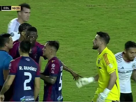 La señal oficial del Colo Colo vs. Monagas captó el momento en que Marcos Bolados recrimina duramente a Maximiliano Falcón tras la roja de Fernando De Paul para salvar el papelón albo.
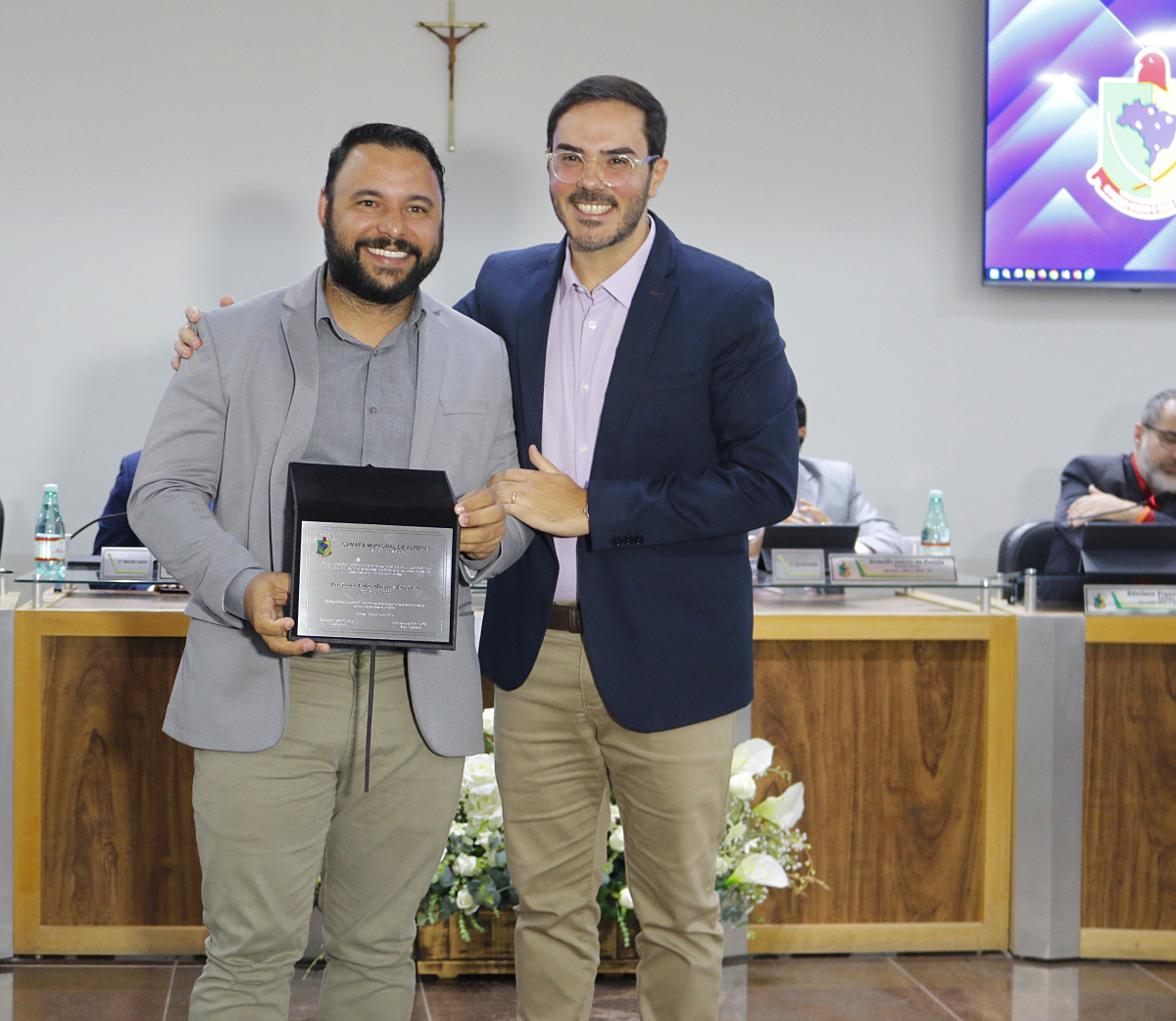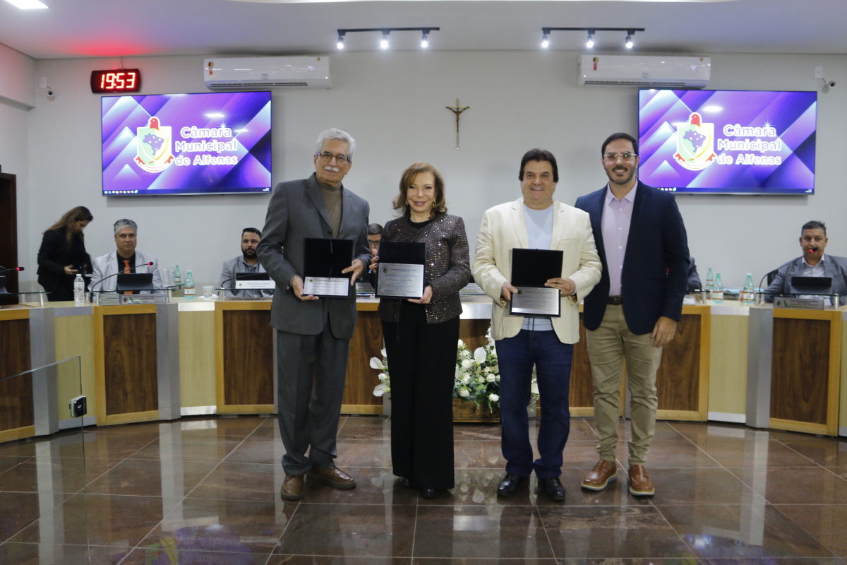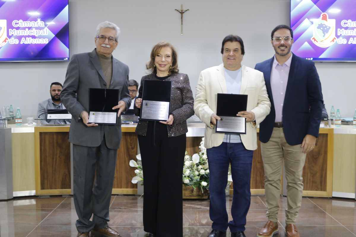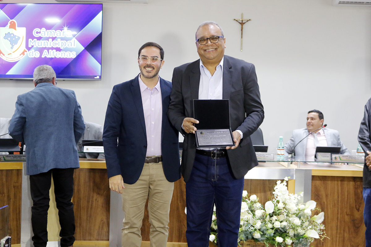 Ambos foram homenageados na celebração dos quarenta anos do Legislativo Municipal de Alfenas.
--
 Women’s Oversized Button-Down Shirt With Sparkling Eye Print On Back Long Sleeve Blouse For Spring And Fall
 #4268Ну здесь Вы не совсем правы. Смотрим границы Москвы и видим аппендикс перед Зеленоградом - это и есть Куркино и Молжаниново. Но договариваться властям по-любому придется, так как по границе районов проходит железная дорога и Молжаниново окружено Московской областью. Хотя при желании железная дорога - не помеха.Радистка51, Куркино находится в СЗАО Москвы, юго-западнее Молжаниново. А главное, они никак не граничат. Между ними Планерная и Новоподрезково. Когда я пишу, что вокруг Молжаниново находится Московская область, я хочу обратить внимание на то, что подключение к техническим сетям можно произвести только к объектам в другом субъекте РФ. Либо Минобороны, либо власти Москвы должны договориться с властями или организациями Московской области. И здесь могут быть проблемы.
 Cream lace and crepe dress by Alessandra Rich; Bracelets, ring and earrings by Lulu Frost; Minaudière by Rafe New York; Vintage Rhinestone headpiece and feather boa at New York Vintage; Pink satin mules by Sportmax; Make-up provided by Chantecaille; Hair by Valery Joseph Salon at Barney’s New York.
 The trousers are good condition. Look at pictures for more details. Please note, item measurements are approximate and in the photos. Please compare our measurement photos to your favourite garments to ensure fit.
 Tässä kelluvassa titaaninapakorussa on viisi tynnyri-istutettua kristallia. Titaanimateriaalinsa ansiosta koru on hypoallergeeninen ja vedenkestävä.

WORK ORDER
Beginning at the line with "Cream lace and" and ending at the line with "Tässä kelluvassa titaaninapakorussa", reproduce each line of the data above exactly, and add no other lines.

ANSWER BOX
 Cream lace and crepe dress by Alessandra Rich; Bracelets, ring and earrings by Lulu Frost; Minaudière by Rafe New York; Vintage Rhinestone headpiece and feather boa at New York Vintage; Pink satin mules by Sportmax; Make-up provided by Chantecaille; Hair by Valery Joseph Salon at Barney’s New York.
 The trousers are good condition. Look at pictures for more details. Please note, item measurements are approximate and in the photos. Please compare our measurement photos to your favourite garments to ensure fit.
 Tässä kelluvassa titaaninapakorussa on viisi tynnyri-istutettua kristallia. Titaanimateriaalinsa ansiosta koru on hypoallergeeninen ja vedenkestävä.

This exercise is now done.